"If you just look at this you would say, 'Wow 90 percent of the kids were graduating in 2010 ... What happened to all those students? Why are we not graduating our students?' " Park said. "Well that's not the case. It's a change in the calculation, not a change in student behavior."
Plus, Utah's graduation rates are improving, she said. When state officials applied the new formula to years past, they found that the state's high school graduation rate has actually risen by 7 percentage points over the past four years. Graduation rates also have improved among students who are Latino, black, American Indian, English language learners, from low-income families, and who have disabilities though gaps between groups remain.
"There's been incredible improvement happening in the state and I think this speaks to the hard work students and schools are doing," Park said. Still, she said, "Until we can say 100 percent of our kids graduated I think there's always room for improvement."
All states are being required to use the new formula in an effort to make comparisons easier between states and ensure rates aren't inflated at the state level. The formula, however, changes the way many states have been calculating their rates. Chris West, a researcher at the Everyone Graduates Center at Johns Hopkins University, said he expects 5 to 10 percent declines in most states.
But he says it's a good switch, calling the new rates "more realistic" because they focus mainly on counting students who earn regular diplomas.
"They weren't inaccurate before," West said of the old state calculations, "but if everybody is defining things differently it's hard to have a national discussion."
Under the new calculation, different students are counted as graduates and nongraduates. For example, the old Utah formula counted as graduates students with severe cognitive disabilities who took a certain state assessment but didn't earn regular diplomas; students who earned GEDs; and special education students who took more than four years to graduate. Now, none of those categories of students can be included as graduates.
Also, students who transfer to higher education, to a Utah College of Applied Technology, who withdraw from high school due to illness or injury, for example, or who earn certificates of completion (meaning they didn't leave high school but didn't earn enough credits to graduate either) must now be counted as nongraduates whereas before they weren't included in any calculations.
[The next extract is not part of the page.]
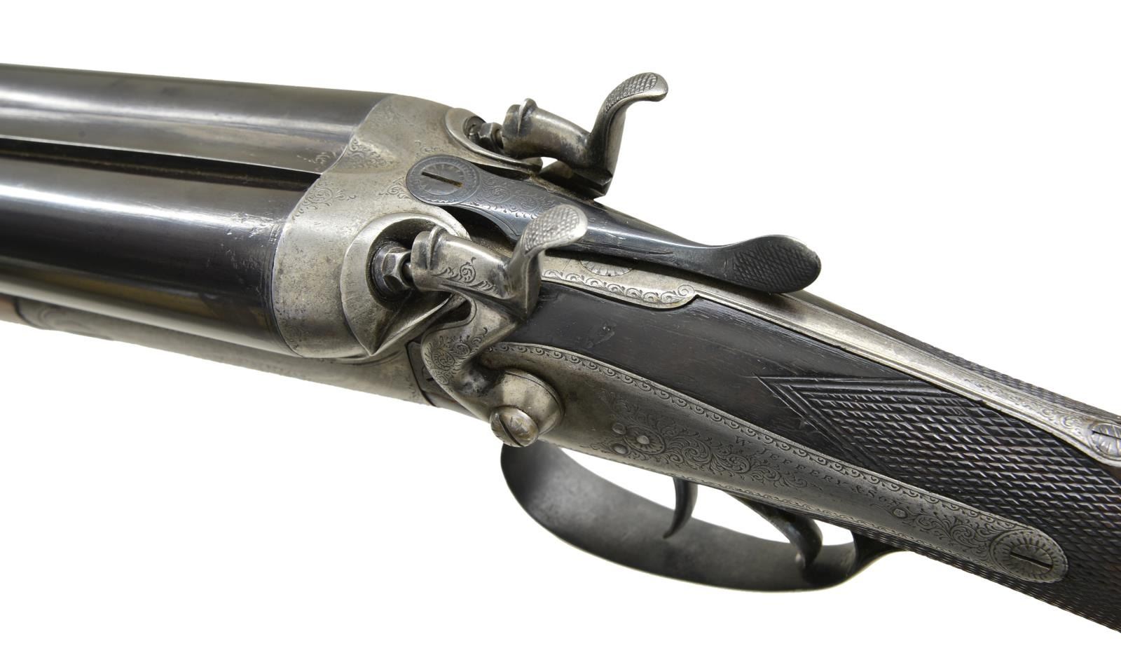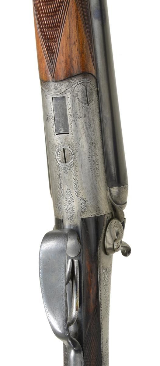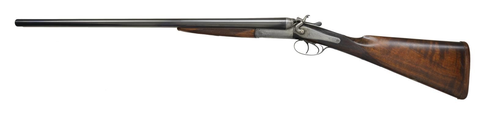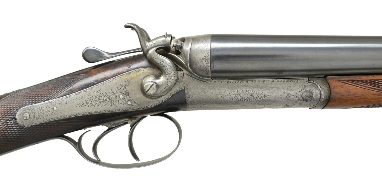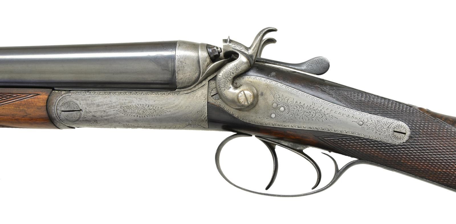 Cal. 12 Ga., 2 5/8". S# 1254. The 28" bbls. w/ swamped game rib are unmarked. Bbl. flats stamped w/ Birmingham nitro proofs for 2 1/2" chambers & Birmingham reproofs also for 2 1/2". Rnd. bodied top lever action fitted w/ back spring, peninsula locks w/ rnd. bodied serpentine rebounding hammers. Action & locks engraved w/ 30% coverage varying size scroll w/in line & scroll borders. "W. Jeffery & Son" is on each plate. Straight grip buttstock of well figured & lightly streaked European walnut measures 14 5/8" over brown leather covered pad. Point pattern checkering is at grip & a vacant silver oval is on toeline. Matching splinter forend has spring tension release. MEASUREMENTS: bbls.: bore diameter: right: .735", left: .729". Restriction: right: .014" (MOD), left: .011" (IC). Minimum Wall Thickness: right: .035", left: .040". STOCK: DAH: 1 7/8". DAC: 1 7/16". LOP: 14 5/8". CAST: 0. WEIGHT: 6 lbs. 13 oz. CONDITION: good as partially refinished. Bbls. w/ nearly all of an old good quality reblack. Action & locks cleaned to pewter gray. Top lever & trigger guard reblued. Engraving quite washed out. Stocks retain nearly all of an old oil refinish w/ scattered marks. Checkering recut. Bores are bright & shiny. Action is tight. Bbls. somewhat off face. Locks are good. (01-20306/MGM). ANTIQUE. $1,000-1,500.

And, the statewide graduation rate is now being calculated starting with 9th graders instead of with 10th graders.
With those changes, most Utah school districts saw their graduation rates decline for last school year.
Among the five largest school districts in the state, Canyons District had the highest graduation rate but still saw its rate drop from 95 percent to 83 percent because of the new formula.
Canyons Superintendent David Doty credited the district's relatively high rates to its focus on encouraging students to take courses meant to prepare them for life beyond high school, such as by offering differentiated diplomas.
Despite the drop, Doty said he supports the new formula because it counts students starting in ninth grade rather than 10th.
"I anticipated that it would happen, I think we all did, but I'm certainly not discouraged by it," Doty said of the decrease. "I think it's a more comprehensive way of looking at it."
Park said she thinks the new calculation is good but cautioned that it's important to continue to honor and recognize students who may not earn diplomas because they're in special education or continuing their educations in other ways.
The formula change also led to big drops among rates for minority groups. According to the new data, only 57 percent of Utah's Latino and American Indian students are graduating, though their rates are improving.
Isaiah "Ike" Spencer, chair of the state school board's Coalition of Minorities Advisory Committee, said he can see how those numbers might have dropped now that ninth grade is included.
"You're looking at more people that aren't going to be in the high paying jobs," Spencer said, noting it will be difficult for state leaders to reach the goal of having a highly skilled future workforce with such graduation rates. He said he'd like to see graduation rates calculated using data starting in eighth grade, to get an even better picture.
According to state office data, dropout rates about double each year from seventh to 12th grades, with the highest percentages of students dropping out as seniors.
State officials also released data Tuesday showing that class sizes, in many cases, have increased this year, though statewide class sizes overall remain unchanged. The median class size is 24 students in elementary grades and 29 students in secondary schools.
As was true last year, schools that failed to meet federal testing goals had larger class sizes on average than those that passed. Also, schools with high percentages of students from low-income homes tended to have lower class sizes, likely because they often receive additional federal funding, Park said.